Please see #4984 for a different approach, fixing the above ordering dependency. I didn't yet create proper commit messages, so please regard it as RFC

refdb_fs_backend__delete_tail doesn't have this bug, but I think creates its own race

I have a PR around renaming/deleting which might fix it already (known as #4301, #4292, PR at #4316).

I'd be interested in doing the "noble project" thing, since I've already looked pretty hard at that code, and having a shared implementation would indeed be ❤️ (especially the reftable thing).

@pks-t Yeah, I think we crossed comments/pushes. Looking at your solution in #4984, I think it's roughly the same approach as what I have here, with the exception that I "resolve" the shadow flag with a loop immediately after loading the loose/packed refs into memory. Whereas you do it progressively as the caller actually iterates. They're big-O equivalent, but yours may be slightly faster in practice due to piggy-backing on the existing iteration and using the lockless copy of the cache.

I'm happy if either solution gets merged.

@tiennou If I'm reading your #4316 right, I don't think it solves the particular problem in __delete_tail. Even if there is a transaction that provides in-process atomicity, we still may be racing with an external process. So the order of packed/loose deletion we do at the lowest level needs to be addressed. I.e., I think teh code in __delete_tail has to be flipped.

Yeah, I think we crossed comments/pushes.

Seems so, sorry for the duplicated work.

I'm happy if either solution gets merged.

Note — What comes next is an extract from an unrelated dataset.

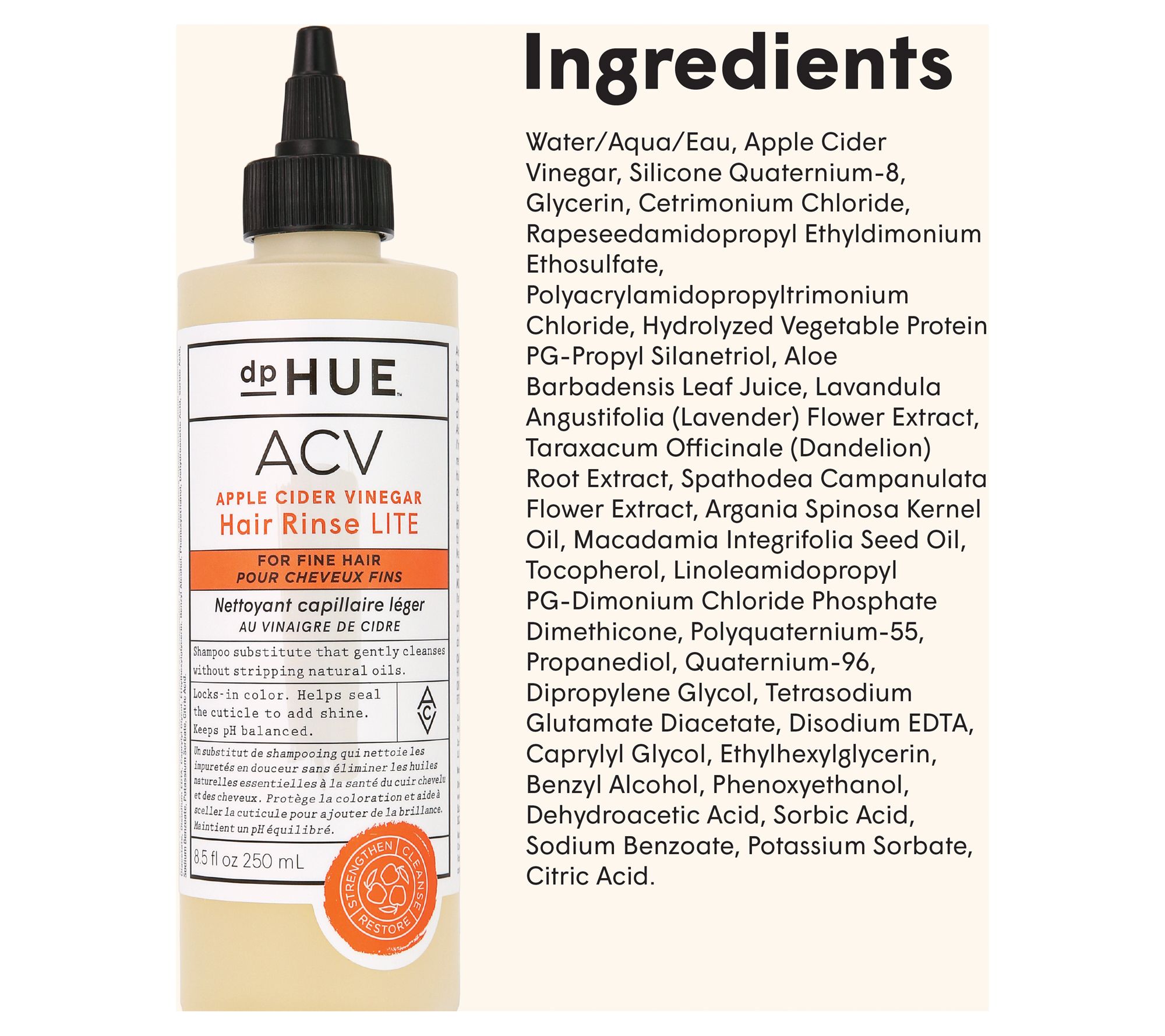 Apple Cider Vinegar Hair Rinse Lite cleanses to help improve the appearance of hair.

There are some additional cleanups in #4984 to prepare the actual fix, which is why I'd personally prefer if that one got merged.

There are some additional cleanups in #4984 to prepare the actual fix, which is why I'd personally prefer if that one got merged.

OK. I'll close this then, and will assume you can shepherd your PR through to getting merge (FWIW, it looks fine to me, but I am also pretty far from an expert on libgit2 😉).